- _Exercise instructions_
In the data below, the copy begins at the line containing "奧運(yùn)禮儀志愿者展示2008北京奧運(yùn)頒獎(jiǎng)證書(shū)。中新社發(fā) 王東明 攝" and runs through the last line; repeat those lines exactly, minus the pictures.

(Records from a collection)
::::

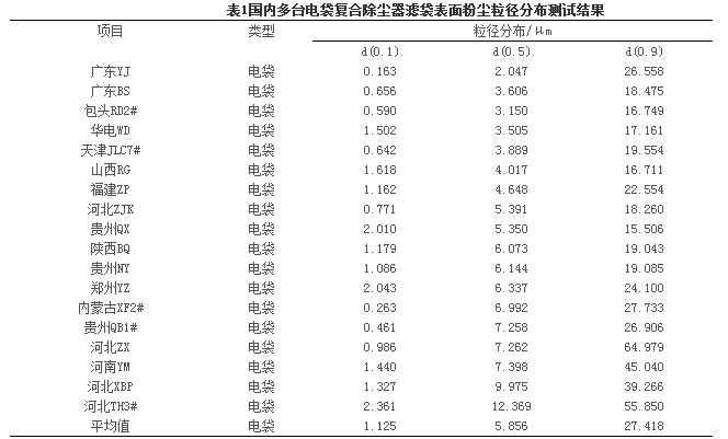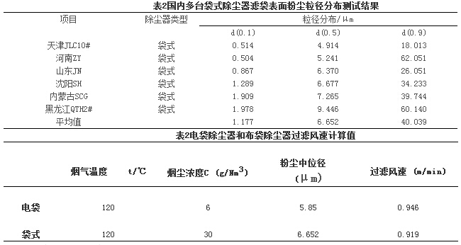 火电厂当前常用的袋式除尘器主要由电袋复合除尘器和纯袋式除尘器,这两类除尘器区别主要为进入袋区的烟尘浓度、烟尘粒径不同。朴华科技对国内多个火电厂数十台套的电袋除尘器和袋式除尘器滤袋表面粉尘粒径进行分析,结果如表1、表2上所示。
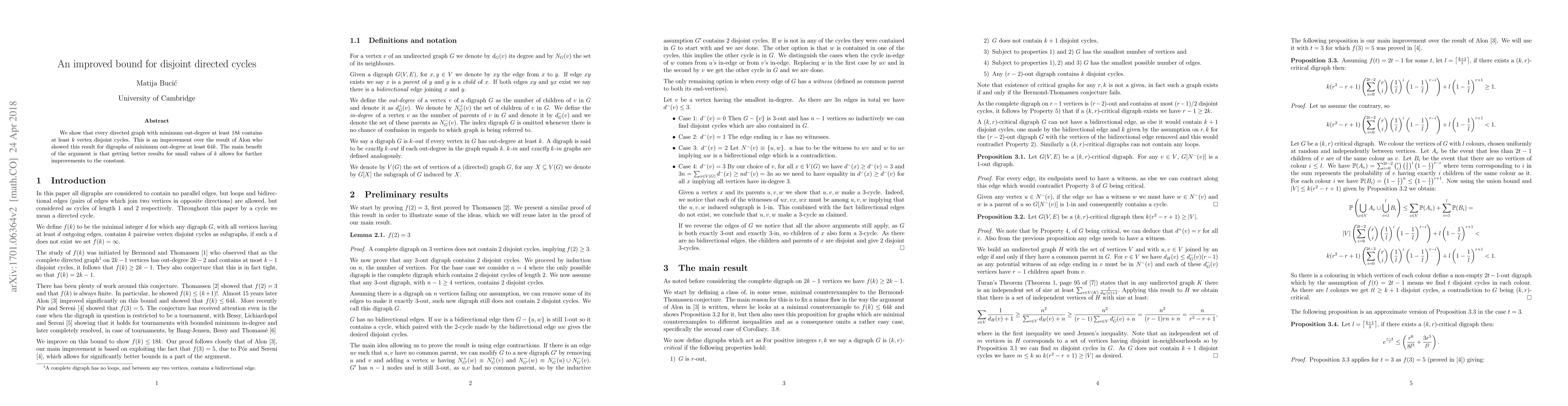 A directed graph with a minimum out-degree of at least 18k contains at least k disjoint cycles, improving upon an earlier result for graphs with a minimum out-degree of 64k.
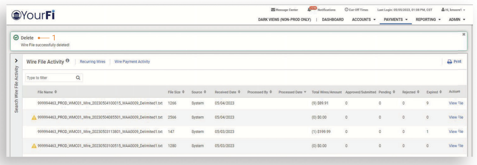 When a wire file is successfully deleted, the user will be returned to the Wire File Activity page with a Delete successful message.
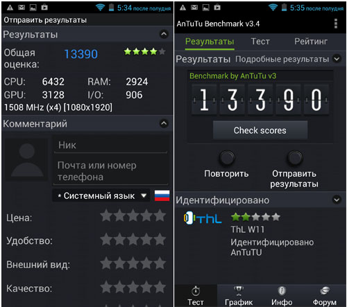 В AnTuTu Benchmark девайс набирает 13390 баллов, в Quadrant Benchmark - 5826 баллов.
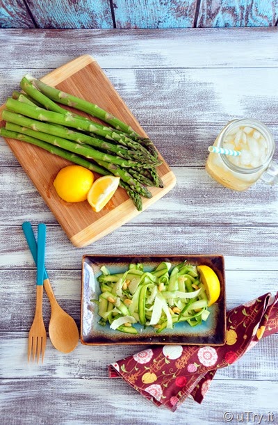 One of my favorite Spring vegetables is asparagus. I usually prepare them on the grill, make Green Gazpacho cold soup or roast them in the oven. And lately, I fall in love with eating them raw as in this Asparagus Ribbon Salad with Lemon Vinaigrette. They are shaved to ribbon thin and the acidic vinaigrette helps soften them a little. So, the texture of the asparagus holds up and is crisp-tender. Really refreshing and delightful to eat.
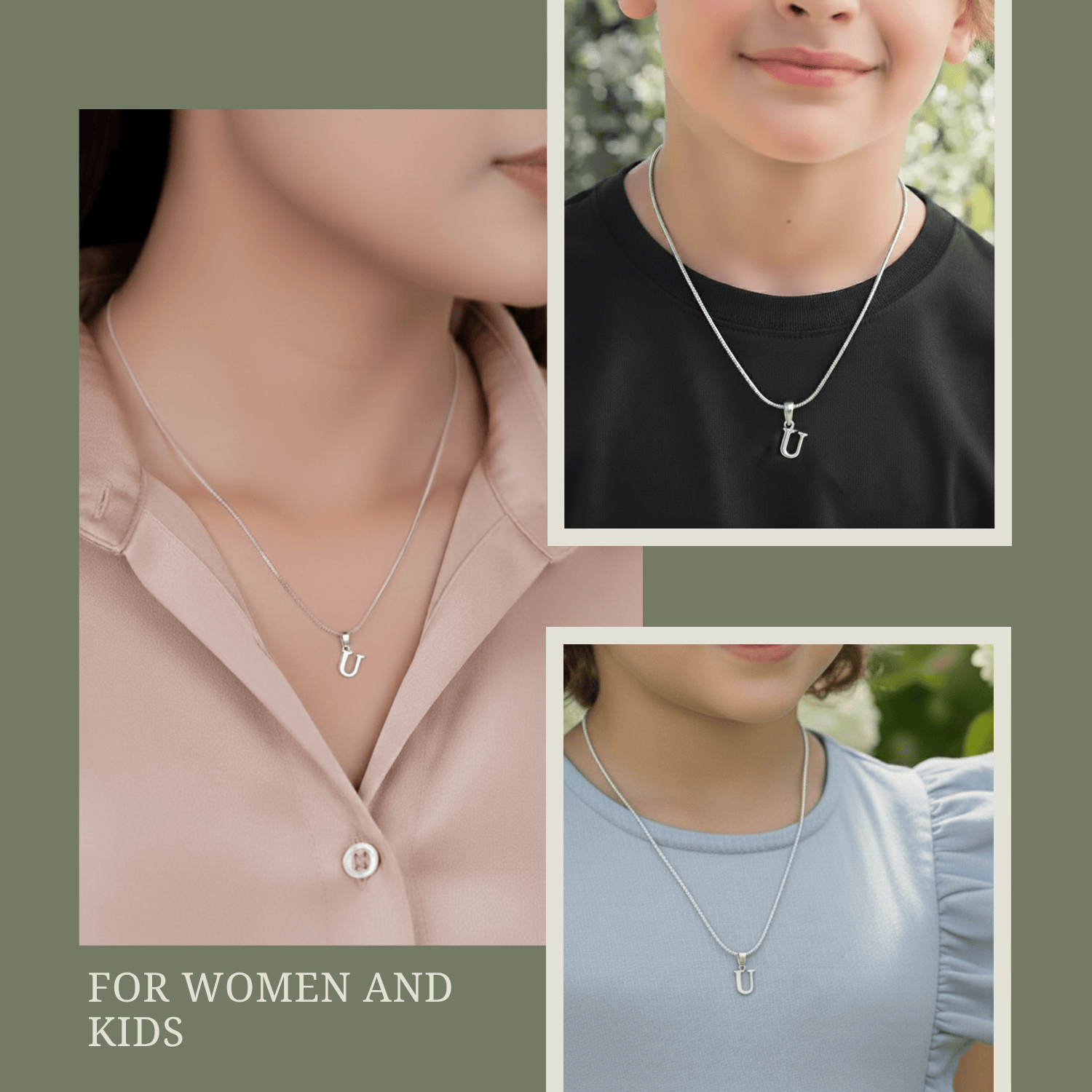 Alphabet U Pendant for Kids by Akshat Sapphire 92.5 Silver KD_U_8043
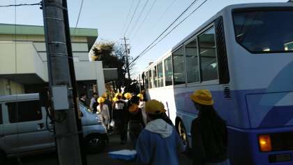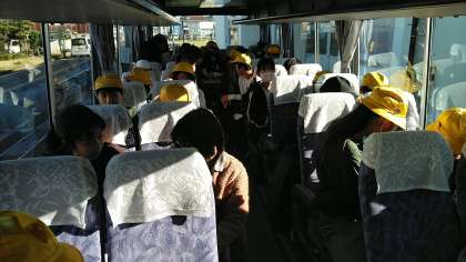 6年生が校外学習に出かけました。送迎バスに乗ってガラス工房に向かいました。
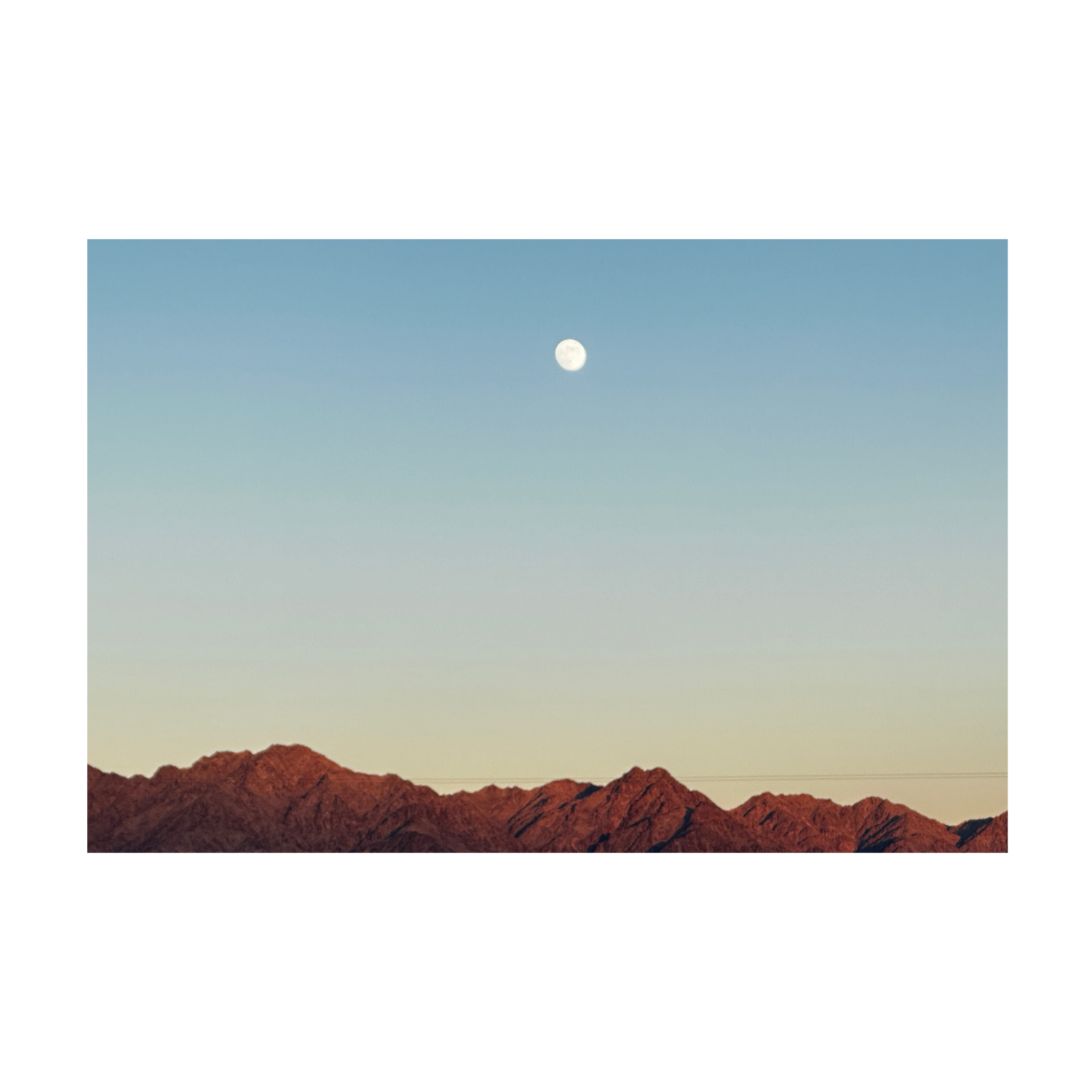 Captured in Wonder Valley CA, this photograph shows the moon suspended over sunlit desert mountains. The soft gradient sky and warm canyon tones create a calm, open landscape that feels both minimal and expansive.
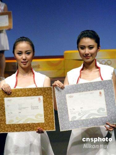奧運(yùn)禮儀志愿者展示2008北京奧運(yùn)頒獎(jiǎng)證書(shū)。中新社發(fā) 王東明 攝
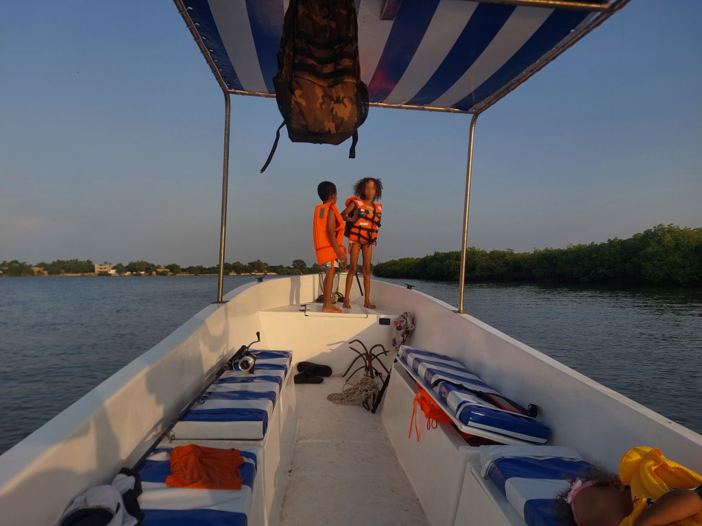 Sunset birdwatching trip—80€ for two adults, or 85 if you’re bringing up to two kids. From Ndangane we glide out around Marlodj Island, slip into the creeks and channels… watch the sky turn gold while pelicans, cormorans, egrets and herons fold up for the night. Then back before dark. Beautiful evening glide.
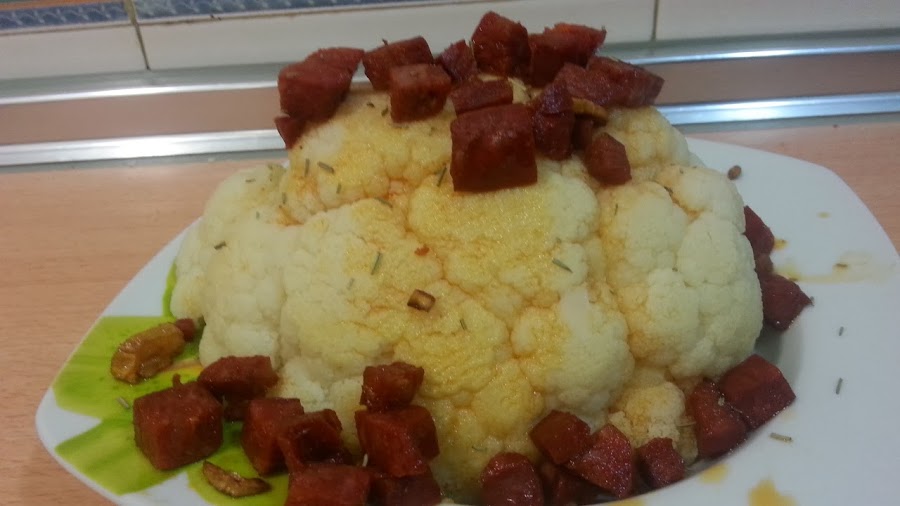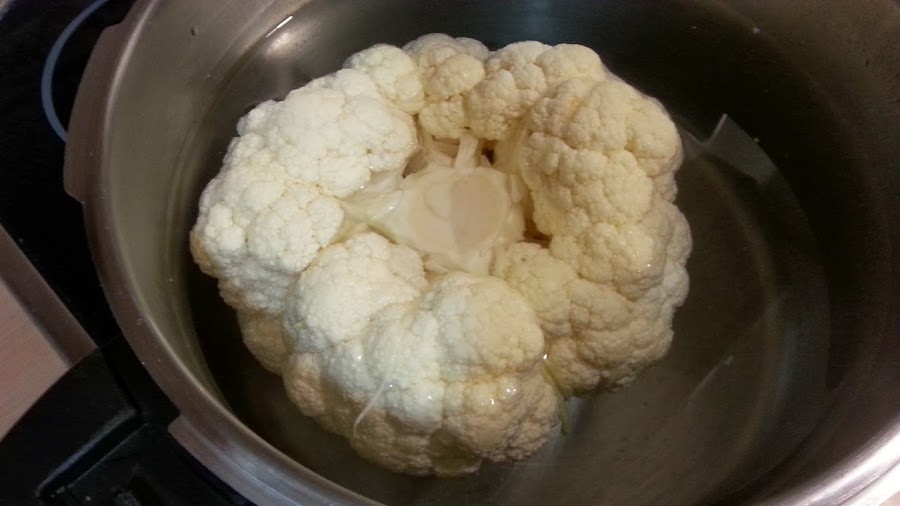 Ponemos la coliflor en la cazuela, salamos y que hierva, id pinchando con un cuchuillo para comprobar que este a vuestro gusto de coccion
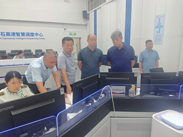 在監(jiān)控大廳,卞照躍、潘曉海一行深入了解了“叫應(yīng)”機(jī)制預(yù)警運(yùn)行情況,通過(guò)監(jiān)控大屏查看了強(qiáng)降雨路段及收費(fèi)站管控信息,并聽(tīng)取了有關(guān)負(fù)責(zé)人關(guān)于預(yù)警響應(yīng)情況和準(zhǔn)全天候通行措施的匯報(bào)。

::::

- _Solution for this problem_
奧運(yùn)禮儀志愿者展示2008北京奧運(yùn)頒獎(jiǎng)證書(shū)。中新社發(fā) 王東明 攝
 Sunset birdwatching trip—80€ for two adults, or 85 if you’re bringing up to two kids. From Ndangane we glide out around Marlodj Island, slip into the creeks and channels… watch the sky turn gold while pelicans, cormorans, egrets and herons fold up for the night. Then back before dark. Beautiful evening glide.
 Ponemos la coliflor en la cazuela, salamos y que hierva, id pinchando con un cuchuillo para comprobar que este a vuestro gusto de coccion
 在監(jiān)控大廳,卞照躍、潘曉海一行深入了解了“叫應(yīng)”機(jī)制預(yù)警運(yùn)行情況,通過(guò)監(jiān)控大屏查看了強(qiáng)降雨路段及收費(fèi)站管控信息,并聽(tīng)取了有關(guān)負(fù)責(zé)人關(guān)于預(yù)警響應(yīng)情況和準(zhǔn)全天候通行措施的匯報(bào)。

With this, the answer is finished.